Întorsura Buzăului (Bodzaforduló /hu/) is a town in Covasna County, Transylvania, Romania. It administers three villages: Brădet (Bredét), Floroaia (Virágospatak), and Scrădoasa.

==Geography==
The town is located in the southern part of the county, on the border with Brașov County, and lies on the left bank of the Buzău River. The town's name means Buzău's Turning in Romanian; it gets its name from being located near a large turn that the river takes. The river initially flows northwards, but takes a sudden turn towards the south-east near the town.

Întorsura Buzăului is located at 750 m altitude, in a depression, surrounded by the Întorsurii, Ciucaș, and Siriu mountains. Due to its location, the town registers the lowest temperatures in Romania every year.

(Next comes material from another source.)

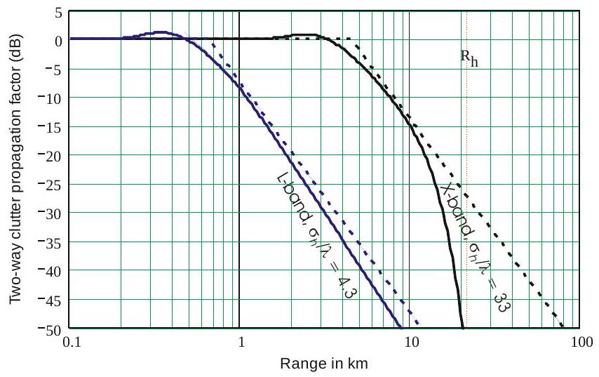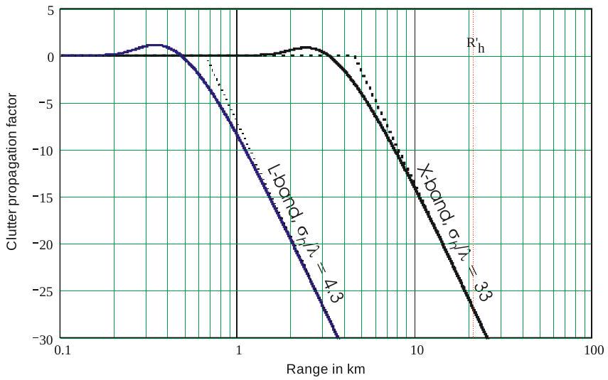 其中 \(h_{c} \approx 3 \sigma_{h}\) 为主要杂波散射体高于平均表面的高度。在图9.2所示条件下,X波段时 \(R_{\delta}=8.9 \mathrm{~km}\),L波段时 \(R_{\delta}=1.8 \mathrm{~km}\)。超过这些距离后,\(F_{c}^{\prime}\) 的曲线将开始偏离干涉值,如后文所示。

The town is some 40 km southeast of the county seat, Sfântu Gheorghe, and 33 km south of Covasna. It is traversed by national road DN10, which links Brașov to Buzău. This road passes through the Carpathian Mountains and for most of its length follows the Buzău River. There is also a railroad that links Brașov and Întorsura Buzăului which goes through the Teliu Tunnel that crosses the Întorsurii Mountains; with a length of 4369.5 m, this is the longest railway tunnel in Romania.

== Population ==
At the 2021 census, Întorsura Buzăului had a population of 8,332; of those, 92.49% were ethnic Romanians. At the 2011 census, the town had 7,319 inhabitants, of whom 7,265 were ethnic Romanians, 37 were ethnic Hungarians, and 12 ethnic Romani.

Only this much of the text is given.